# Rapido 746F info please



## flyboy (May 10, 2005)

Any one tell me if the 2.3 engine on the Rapido 746F is up to the job? I have only had 2.8 on my last vans and they struggled at times. Any comments will be appreciated as will any other info on this model. We over winter in Spain so I need it to cruise round the 65/70 mark.
Thanks.


----------



## 94055 (May 1, 2005)

Hi
Sorry we do not have this model in the specifications database.
As for going under 2.8 engine, I would not go back. 


Steve


----------



## whistlinggypsy (May 1, 2005)

Flyboy, you do not mention if it is the new 2007 2.3JTd Fiat engine, so if it is that one you will find it has more HP than the old 2.8TDi

Bob


----------



## flyboy (May 10, 2005)

Its on a 2005 model it's the 2.3JTD my others were the JTD engines as well.


----------



## whistlinggypsy (May 1, 2005)

In that case Flyboy, i personally would not go for a 2005 2,3jtd unless you contemplate having it chipped.

Bob


----------



## flyboy (May 10, 2005)

I thought with having the low profile it would go OK with the 2.3 but I think you are right I will have to chip it. Know a good place to have it done?


----------



## whistlinggypsy (May 1, 2005)

http://www.motorhomefacts.com/ftopic-24636.html

Flyboy, see above post.

Bob


----------



## 94055 (May 1, 2005)

Flyboy
I would walk away, from my experience and the amount of times I have done it. I found something better.
I agree
Just 
MHO

Steve


----------



## flyboy (May 10, 2005)

Thanks whistlinggypsy that is an interesting post, gives me a better idea of what to look for.
I know what you are saying SandJ but it is the layout and the price! we have had the big motorhomes but we are now looking for something more compact, the 746F suits us and the main thing is the price is right.
I have been offered a 2005 model with 5000miles with loads of extras for £25500 Tell me if this a good price or what!


----------



## Bagshanty (Jul 24, 2005)

*Rapido 746F on 2.3JTD - EXCELLENT PRICE FOR EXCELLENT VAN*

We have the 2006 version of this van, now just 12 months old. The 2.3 JTD is excellent - entirely adequate, and we are delighted with it.
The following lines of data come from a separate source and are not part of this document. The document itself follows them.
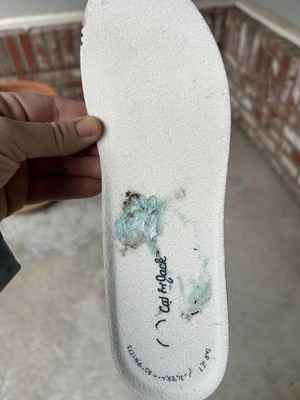 There was sticky mint gum or something inside the shoe which destroyed the insole and my daughter's sock.
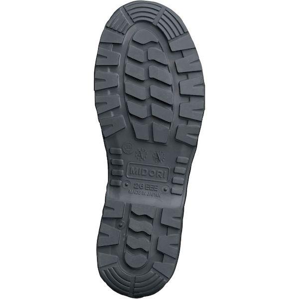 ミドリ安全メーカーお問い合わせ:048-989-3177【特長】●ゴム底の耐熱性・耐久性はそのままに、発泡ゴムとの2層底で優れたクッション性と軽量化を実現しました。●熱に強い裏出し革をアッパー材に採用しました。●袋ベロ構造になっています。●JIS耐滑性能「F」合格の滑りにくい靴底です。●親指をまっすぐに伸ばして、快適に着用できるワイド樹脂先芯を使用しています。【用途】●あらゆる製造現場に。【仕様】●寸法(cm):27.0●足幅サイズ:EEE●色:ブラック●耐圧迫荷重(kN):10±0.1●US(アメリカ)規格サイズ:9●UK(イギリス)規格サイズ:9●EU(ヨーロッパ)規格サイズ:44【仕様2】●JIS T8101 C1/S/P1/F1【材質/仕上】●甲被:牛クロム革(裏出し)●先芯:ワイド樹脂●靴底:ラバー2層【注意】●中敷きを交換する場合は、ミドリ安全が推奨する同等品を使用してください。(JIS T8101安全靴の規定より)【原産国】日本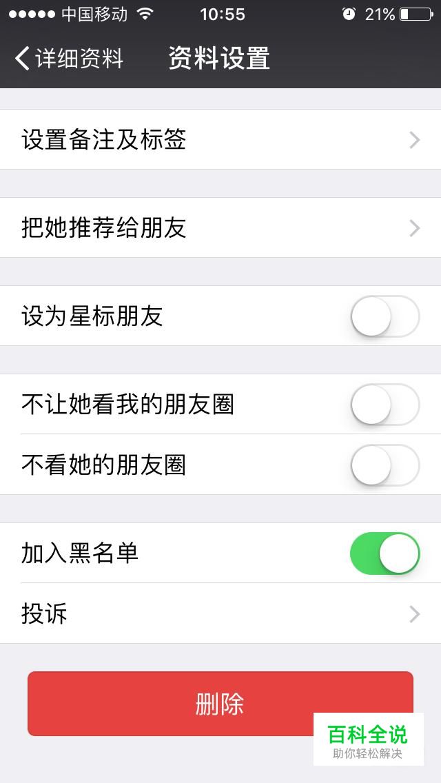 然后在资料设置里面选择加入黑名单,点击右侧的白色按钮,使之变成绿色;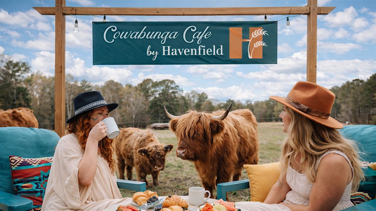Cowabunga Café is a Saturday farm gathering designed for connection — to nature, to animals, and to each other. Guests enjoy coffee service in the open pasture while gentle Highland cows, sheep, and goats roam nearby. It’s peaceful, playful, and completely unplugged.

We are planning to spend 300 on changing the high 5th gear for the lower ratio (i.e. normal ratio) version, because the ratio is so high that you shouldn't be in 5th below 50 . AND THIS REMAINS TRUE HOWEVER POWERFUL THE ENGINE. Putting too much power into the power train will damage things. Only then will we consider getting the engine remapped, but that is just gilt on the gingerbread - it's fine as it is

We have looked at the 2007 746F, and it is nowhere near as good. That price is excellent - snap it up before it goes!


----------



## Nickmimi (Jun 6, 2005)

I had a 746 for a year and it will do 60 70 on motorways apart from the step inclines.

I now have a 2.8 in a rapido 7099 and this is much slower, much heaver of course.

Remember the 746 is a nice shape so it will slip through the air much better, when driven carefully i could get 30 to the gallon

hope this helps

Nick


----------



## GIO (May 4, 2007)

HI flyboy, did you buy the Rapido 746F? We are looking for one so if you didnt could we have contact details.
Thanks
GIO


----------



## flyboy (May 10, 2005)

Sorry for taking so long to get back to you, no I didn't buy it I have bought a 786F the engine has been chipped to give 168bhp. so we are hoping it goes ok


----------